Once the news about the fine native timbers of New Zealand got back, expeditions made sure to bring in handsaws and pitsaws to cope with the forest giants. Cook, on his second voyage to New Zealand, had a tree cut down and sawn into manageable planks. This was probably the first instance of pitsawing to be carried out in this country. As New Zealand timber came to be more and more in demand for ship building, these contrivances were set up everywhere in the bush, and all settlements had their sawyers and smiths.
The problem then arose of how to transport the newly felled logs to the mills for sawing. Bullocks were imported to do this job, and often little bush tramways were built to make the job easier. On downhill slopes log chutes were cleared, so that the logs could slide down easily without using animal labour. These chutes were made greasy by having small streams diverted onto them, which kept the floor of the chute muddy. Digging the chutes and diverting the streams entailed much labour, but once the job was done it was usually found to be well worth the trouble.
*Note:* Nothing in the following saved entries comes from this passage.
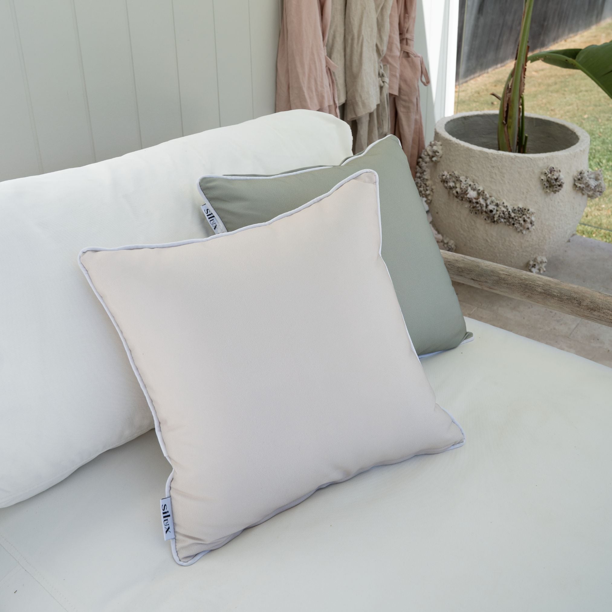Each pillow is crafted from UV-treated fabric and filled with fast-dry foam to handle Australia’s changing conditions. The crisp white piping adds a tailored edge that feels refined yet relaxed — the perfect detail for any outdoor setting, from sun lounge to alfresco dining.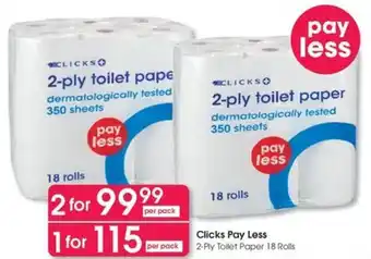 Clicks Pay Less 2-Ply Toilet Paper Discount at Clicks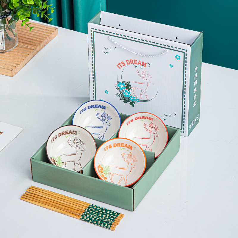 free deer 4 bowls 4 chopsticks (gift box)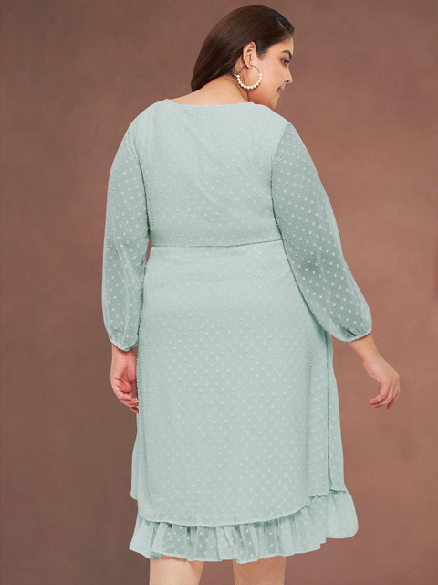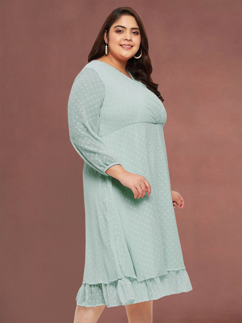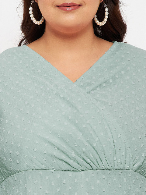 - Green self design Fit and Flare dress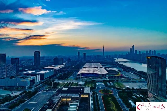 (12月2日,黄昏时分,会展中心在璀璨天空的映衬下显得格外恢宏。广州日报全媒体记者 陈忧子 摄)

Bush tramways, long disused and green with fern and moss, are a common sight in the depths of remaining native forests. At first teams of bullocks or horses were used to haul the bogies of logs, but later steam took over the job. The first steam operated tramway was used in Marlborough in 1870. The loco was powered by waste wood from the cuttings, so was self-sustaining fuelwise, but the fire risk from the impressive gusts of smoke and cinders was high, especially as the timber became thin from logging out, and dried.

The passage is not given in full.